On cyclic and separating vector

Question

Can we always have atleast two orthogonal joint cyclic and separating vectors when vN algebra $M$ is in standard form acting on GNS?

Answer 1

Yes. Let $A$ be any non-trivial unital C$^*$-algebra and $\varphi$ a faithful state. Assume first that $p\in A$, where $p$ is a proper projection; then $0<\varphi(p)<1$. Let $b=2p-1$. Then $\sigma(b)=\{-1,1\}$. We have $\varphi(b)=2\varphi(p)-1$, so $\varphi(b)\not\in\sigma(b)$. This tells us that $c=b-\varphi(b)1$ is invertible.
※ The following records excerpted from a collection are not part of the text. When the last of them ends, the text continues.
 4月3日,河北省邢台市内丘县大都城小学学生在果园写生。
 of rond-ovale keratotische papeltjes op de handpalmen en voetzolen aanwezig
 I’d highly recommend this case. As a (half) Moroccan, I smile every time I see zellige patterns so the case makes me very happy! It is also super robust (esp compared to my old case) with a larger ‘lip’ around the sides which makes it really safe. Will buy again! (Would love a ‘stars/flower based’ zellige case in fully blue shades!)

Because $c$ is invertible, it is cyclic and separating: indeed, if $\hat a c=0$, this means $ac=0$ so $a=0$. And $\hat a=(ac^{-1})\hat c$. So $\hat c$ is cyclic and separating. Also, $$ \langle \hat c,\hat 1\rangle=\varphi(c)=0, $$ so $c$ and $\hat 1$ are orthogonal.

When there are no projections, I cannot make the above work (you can always get elements "close" to be a projection, but I cannot get the right estimates). Anyway, here is a way to construct an element $b$ and a state $\varphi$ with $b-\varphi(b) 1$ invertible.
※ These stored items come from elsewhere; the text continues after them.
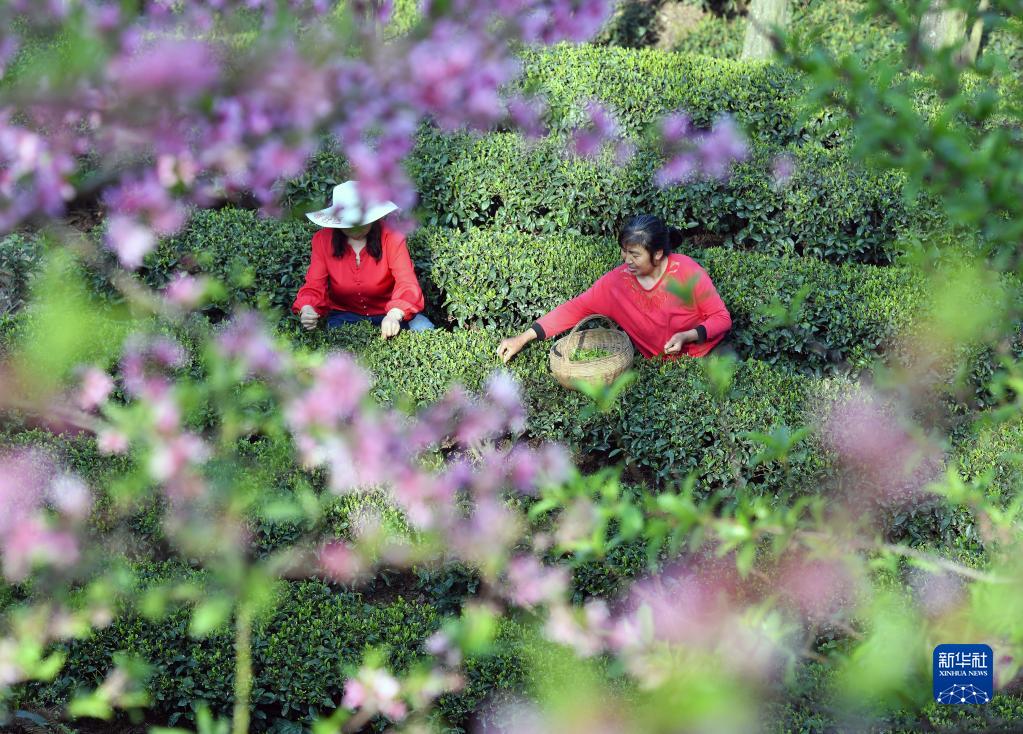 4月1日,茶農(nóng)在秭歸縣茅坪鎮(zhèn)松樹坳村茶園采摘“明前茶”。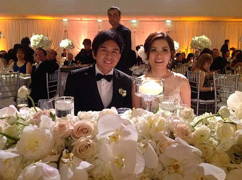 | Không khí tiệc cưới sang trọng nhưng không kém phần ấm cúng của anh Bo Đan Trường. Được biết, cô dâu chú rể đã phải chi 20.000 USD cho việc mua hoa trang trí bàn tiệc cưới. |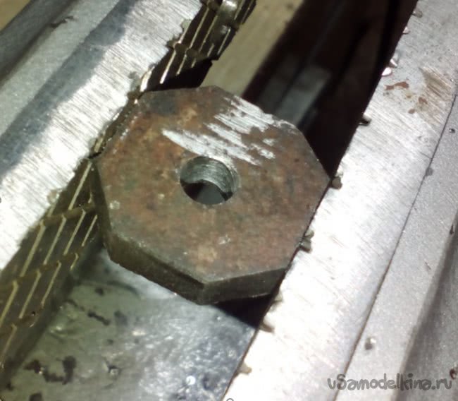 Чтобы упор мог вращаться на винте и в тоже время иметь надежное основание навернем на винт гайку и сточим резьбу под посадку шайбы упора.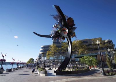 Tekst: Het nieuwe kunstwerk van Arne Quinze luistert naar de naam ‘Whispers’ (gefluister). Het bestaat uit een reeks van 20 sculpturen van staal S355. ‘Whispers’ maakt deel uit van de renovatie van het verkeersvrije Koningsplein in Enschede. Het is bedoeld als symbool voor de strijd om meer natuur binnen onze steden en belichaamt als het ware de eerste loten van deze overwinning.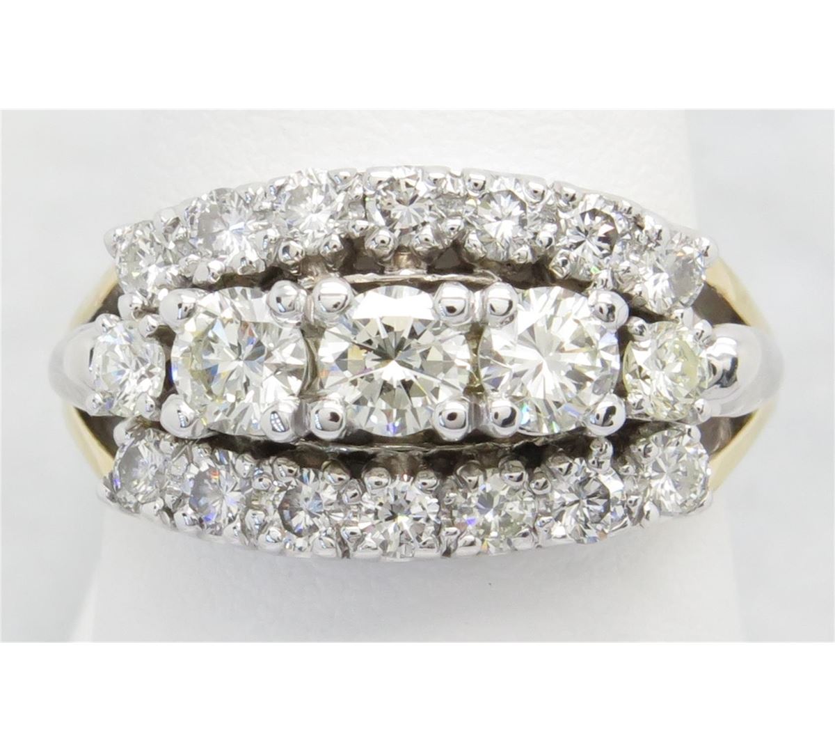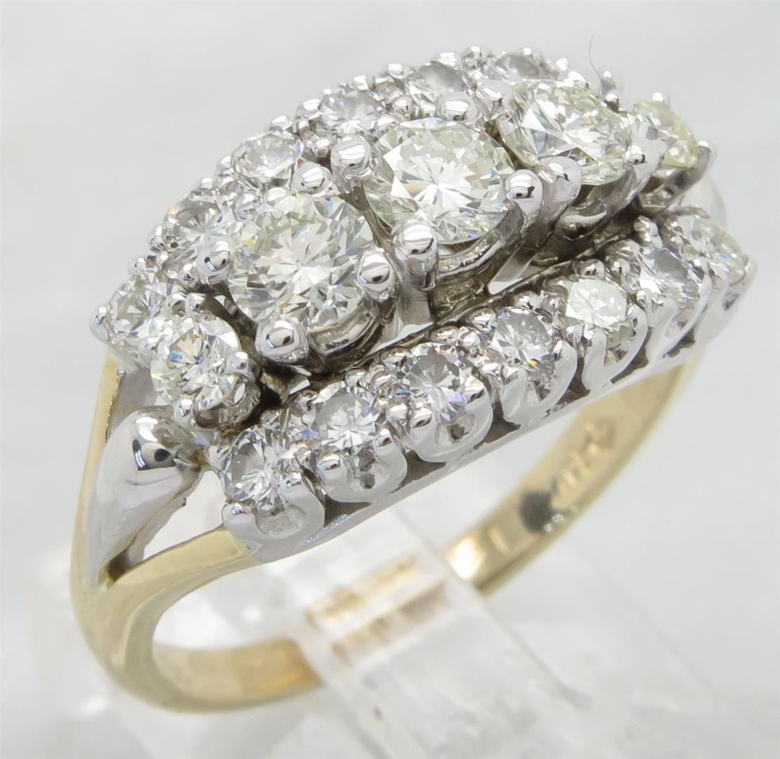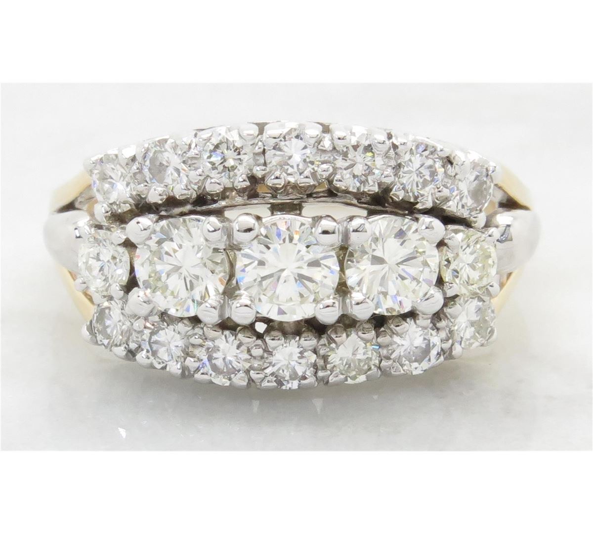 One tested 14K gold diamond ring. Containing: One Round Brilliant Cut Diamond. Approximate size: .23CT, Clarity: SI, Color: H-I. 18 round brilliant cut diamonds. Approximate total diamond weight: 1.45CTW. Diamonds are graded in the mounting, unless otherwise stated. Weight: 5.9 grams, Size: 7.0.

Start with $X\subset\mathbb R$, compact. If $X$ is not connected, write $X=X_1\cup X_2$ with $X_1,X_2$ compact and disjoint. Then $p=1_{X_1}\in C(X)$, so taking $\varphi(f)=\tfrac1{m(X_1)}\,\int f$ we get $p$ and $\varphi$ as above. When $X$ is connected, it is an interval. So assume $X=[0,1]$ (it's easy to generalize to $[a,b]$), let $f(t)= e^{2\pi i t}$; the spectrum of $f$, equal to its range, is the unit circle. Let $\varphi$ be the state $\varphi(g)=\tfrac1{2\pi^2}\int_0^{2\pi} t\, g(t) dt$. Then $$ \varphi(f)=\frac1{2\pi^2}\int_0^1\,t\,e^{2\pi i t}\,dt=\frac{-1+(1-4i\pi^2)e^{4i\pi^2}}{8\pi^4}, $$ which is not in the unit circle. So $f-\varphi(f)$ is invertible.
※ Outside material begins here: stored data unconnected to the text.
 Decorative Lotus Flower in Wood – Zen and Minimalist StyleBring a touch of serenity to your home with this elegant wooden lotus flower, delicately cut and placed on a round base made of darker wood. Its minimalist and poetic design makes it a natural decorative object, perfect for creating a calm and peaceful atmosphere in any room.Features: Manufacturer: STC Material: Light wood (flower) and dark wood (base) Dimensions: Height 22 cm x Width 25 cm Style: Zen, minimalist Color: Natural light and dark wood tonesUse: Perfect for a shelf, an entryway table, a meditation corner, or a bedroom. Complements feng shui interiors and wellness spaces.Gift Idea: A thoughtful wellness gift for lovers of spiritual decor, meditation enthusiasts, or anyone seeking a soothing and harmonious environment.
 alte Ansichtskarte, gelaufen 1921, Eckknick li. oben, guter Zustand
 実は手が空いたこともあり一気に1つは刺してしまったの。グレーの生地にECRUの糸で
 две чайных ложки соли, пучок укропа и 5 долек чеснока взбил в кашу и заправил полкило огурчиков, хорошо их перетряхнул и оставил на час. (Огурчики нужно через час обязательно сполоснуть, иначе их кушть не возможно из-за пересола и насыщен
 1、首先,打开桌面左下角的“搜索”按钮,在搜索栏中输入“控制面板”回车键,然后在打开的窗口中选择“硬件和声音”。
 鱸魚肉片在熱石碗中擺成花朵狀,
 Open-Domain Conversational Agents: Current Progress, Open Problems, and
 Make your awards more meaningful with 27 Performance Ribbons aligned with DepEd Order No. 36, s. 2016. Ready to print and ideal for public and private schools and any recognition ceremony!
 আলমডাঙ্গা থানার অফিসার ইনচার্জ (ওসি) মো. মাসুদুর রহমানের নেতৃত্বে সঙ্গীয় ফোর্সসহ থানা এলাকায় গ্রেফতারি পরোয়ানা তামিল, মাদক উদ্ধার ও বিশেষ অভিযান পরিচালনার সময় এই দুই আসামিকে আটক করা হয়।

Now assume that $A$ is any nontrivial unital C$^*$-algebra (that is, $A$ is not $\mathbb C$ so that there exists a selfadjoint element with spectrum with at least two points). Let $a\in A$ be selfadjoint, with $\sigma(a)$ not a point. Via the Gelfand transform, we have $C^*(a)\simeq C(X)$, with $X\subset\mathbb R$ compact. By the above, there exists $b\in C^*(a)$ and a state $\varphi$ on $C^*(a)$ with $b-\varphi(b)$ invertible. Since $\varphi$ is a state, $\varphi(1)=1$. Now extend via Hahn-Banach to all of $A$. Since $\|\varphi\|=\varphi(1)$ even after the extension, the extension is positive. So now we have a state $\varphi$ on $A$ and $b\in A$ with $b-\varphi(b)$ invertible.